WORK REQUIRED: From the first line to the last, restate every record word for word, leaving out the pictures.
╭─ RECORDS SHOWN
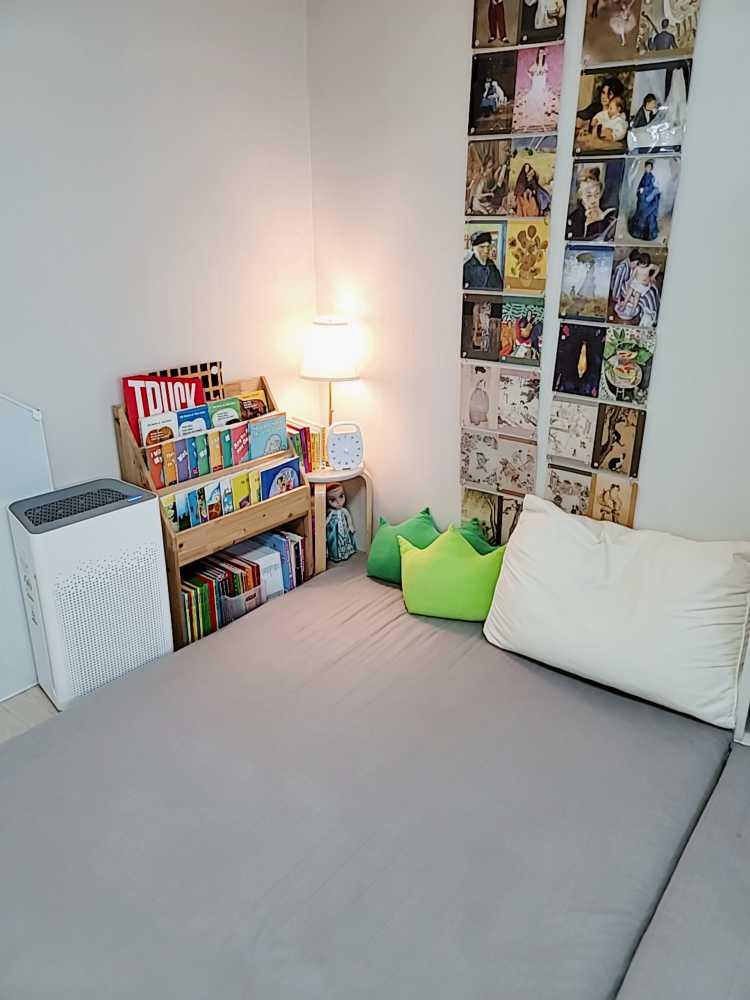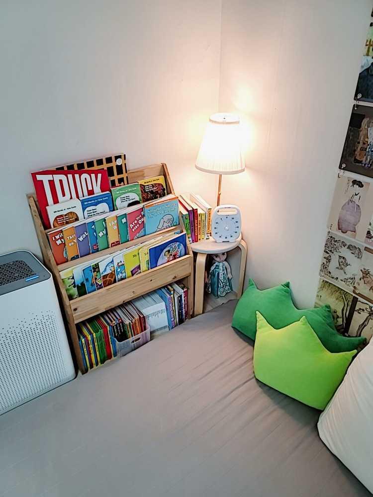 잠자리독서를 위한 작은책장과 조명을 같이 배치했어요~^^
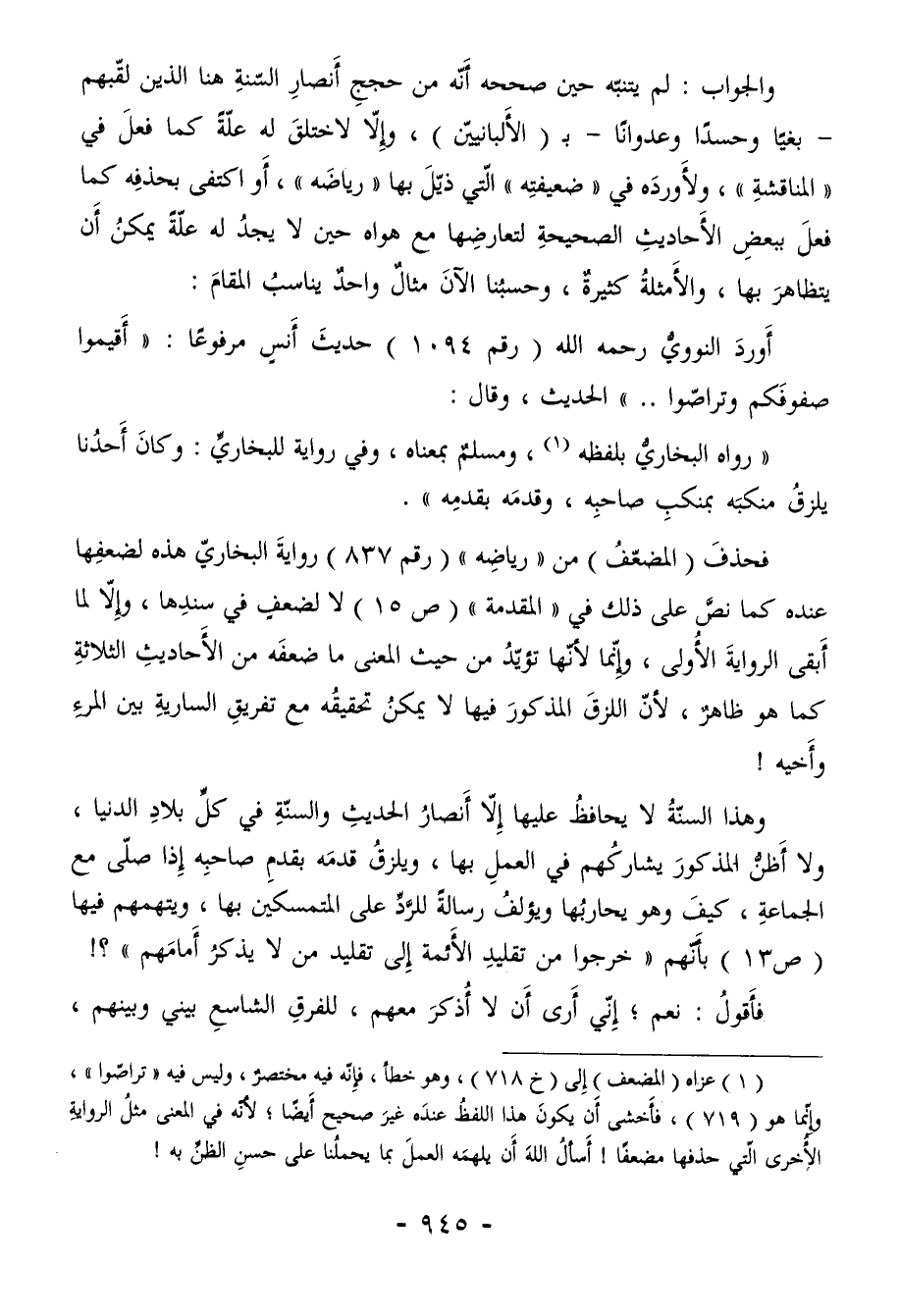 والجواب: لم يتنبّه حين صححه أنّه من حججِ أَنصارِ السّنةِ هنا الذين لقّبهم -بغيًا وحسدًا وعدوانًا- بـ (الأَلبانييّن) ، وإِلاّ لاختلقَ له علّةً كما فعلَ في "المناقشةِ"، ولأَوردَه في "ضعيفتِه" الّتي ذيّلَ بها "رياضَه"، أَو اكتفى بحذفِه كما فعلَ ببعضِ الأَحاديثِ الصحيحةِ لتعارضِها مع هواه حين لا يجدُ له علّةَ يمكنُ أَن يتظاهرَ بها، والأَمثلةُ كثيرةٌ، وحسبُنا الآنَ مثالٌ واحدٌ يناسبُ المقامَ:
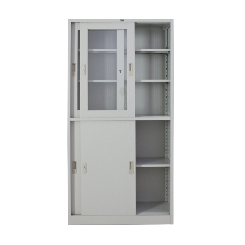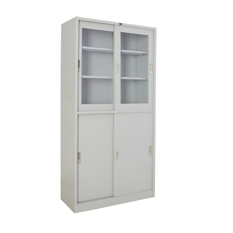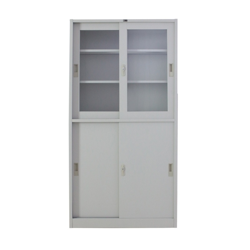 SPACE PRO Steel Multipurpose Cabinet, Glass Sliding Door on Top, Solid Sliding Door on Bottom
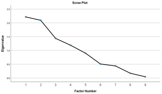 The EFA included nine items from n = 249 adults (55.7 ± 11.3 years; 74.7% female) with obesity (BMI 38.5 ± 6.7 kg/m2). See Table 3 for descriptive statistics and Table 4 for model fit statistics. The scree plot produced after the first round of dimension reduction suggested there were four factors with eigenvalues > 1.0 that explained 77.1% of the variance (Figure 1). Items that did not factor load (coefficients < 0.60) were removed one at a time and replaced back into the model so that every combination of items was tested. Items were removed if their exclusion produced a more parsimonious model with greater explained variance. The following items were removed in order: A1c, BF%, and HDL-C. The final factor solution included three factors explaining 87.6% of the variance as shown in Figure 2 and Table 5. LDL-C and TC loaded on factor one, BMI and WC loaded on factor two, and SBP and DBP loaded on factor three.
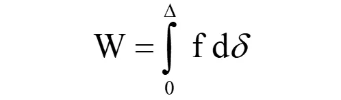 在加载过程中,当载荷f增加微量df时,位移δ相应增长dδ,如图(a),这时,载荷f所作之功为fdδ。因此,在整个加载过程中,载荷所作之总功为:
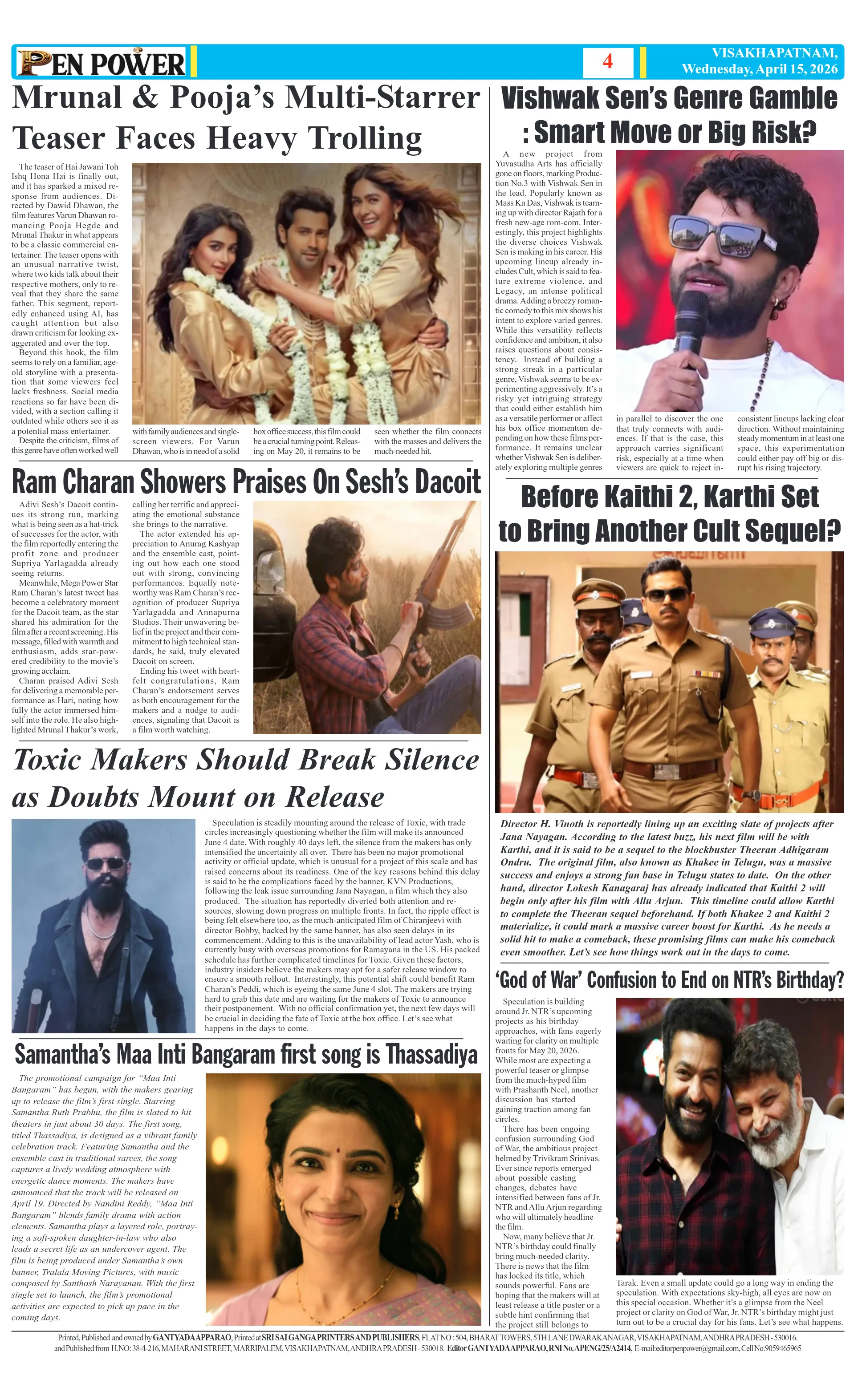 జీకే వీధిలో స్వర్ణాంధ్ర–స్వచ్ఛాంధ్ర పరిశుభ్రత కార్యక్రమంజీకే వీధిలో దంచికొట్టిన వడగళ్ల వర్షందామనపల్లి పంచాయతీలో స్వర్ణాంధ్ర స్వచ్ఛ్ ఆంధ్ర కార్యక్రమంస్వర్ణాంధ్ర – స్వచ్ఛ్ ఆంధ్ర కార్యక్రమాలను పరిశీలించిన ఎంపీడీవో వడగాలుల నేపథ్యంలో ముందస్తు చర్యలపై అవగాహన – ఎంపీడీఓ సూచనలుపాతమంజేరు లో ఘనంగా గంటాలమ్మ విగ్రహ ప్రతిష్ఠరింతాడ సమీపంలో రోడ్డు ప్రమాదం – యువకుడు మృతిపాకలపాడులో ఆపరేషన్ వజ్రప్రహార్ కార్డన్ అండ్ సర్చ్అడ్డతీగల సంత మార్కెట్ ‘ఆసీలు’ బహిరంగ వేలం..డ్రోన్ వినియోగంతో ఓపెన్ డ్రింకింగ్‌పై కేసులు నమోదు
╰─
ANSWER FOR THIS EXERCISE:
 잠자리독서를 위한 작은책장과 조명을 같이 배치했어요~^^
 والجواب: لم يتنبّه حين صححه أنّه من حججِ أَنصارِ السّنةِ هنا الذين لقّبهم -بغيًا وحسدًا وعدوانًا- بـ (الأَلبانييّن) ، وإِلاّ لاختلقَ له علّةً كما فعلَ في "المناقشةِ"، ولأَوردَه في "ضعيفتِه" الّتي ذيّلَ بها "رياضَه"، أَو اكتفى بحذفِه كما فعلَ ببعضِ الأَحاديثِ الصحيحةِ لتعارضِها مع هواه حين لا يجدُ له علّةَ يمكنُ أَن يتظاهرَ بها، والأَمثلةُ كثيرةٌ، وحسبُنا الآنَ مثالٌ واحدٌ يناسبُ المقامَ:
 SPACE PRO Steel Multipurpose Cabinet, Glass Sliding Door on Top, Solid Sliding Door on Bottom
 The EFA included nine items from n = 249 adults (55.7 ± 11.3 years; 74.7% female) with obesity (BMI 38.5 ± 6.7 kg/m2). See Table 3 for descriptive statistics and Table 4 for model fit statistics. The scree plot produced after the first round of dimension reduction suggested there were four factors with eigenvalues > 1.0 that explained 77.1% of the variance (Figure 1). Items that did not factor load (coefficients < 0.60) were removed one at a time and replaced back into the model so that every combination of items was tested. Items were removed if their exclusion produced a more parsimonious model with greater explained variance. The following items were removed in order: A1c, BF%, and HDL-C. The final factor solution included three factors explaining 87.6% of the variance as shown in Figure 2 and Table 5. LDL-C and TC loaded on factor one, BMI and WC loaded on factor two, and SBP and DBP loaded on factor three.
 在加载过程中,当载荷f增加微量df时,位移δ相应增长dδ,如图(a),这时,载荷f所作之功为fdδ。因此,在整个加载过程中,载荷所作之总功为:
 జీకే వీధిలో స్వర్ణాంధ్ర–స్వచ్ఛాంధ్ర పరిశుభ్రత కార్యక్రమంజీకే వీధిలో దంచికొట్టిన వడగళ్ల వర్షందామనపల్లి పంచాయతీలో స్వర్ణాంధ్ర స్వచ్ఛ్ ఆంధ్ర కార్యక్రమంస్వర్ణాంధ్ర – స్వచ్ఛ్ ఆంధ్ర కార్యక్రమాలను పరిశీలించిన ఎంపీడీవో వడగాలుల నేపథ్యంలో ముందస్తు చర్యలపై అవగాహన – ఎంపీడీఓ సూచనలుపాతమంజేరు లో ఘనంగా గంటాలమ్మ విగ్రహ ప్రతిష్ఠరింతాడ సమీపంలో రోడ్డు ప్రమాదం – యువకుడు మృతిపాకలపాడులో ఆపరేషన్ వజ్రప్రహార్ కార్డన్ అండ్ సర్చ్అడ్డతీగల సంత మార్కెట్ ‘ఆసీలు’ బహిరంగ వేలం..డ్రోన్ వినియోగంతో ఓపెన్ డ్రింకింగ్‌పై కేసులు నమోదు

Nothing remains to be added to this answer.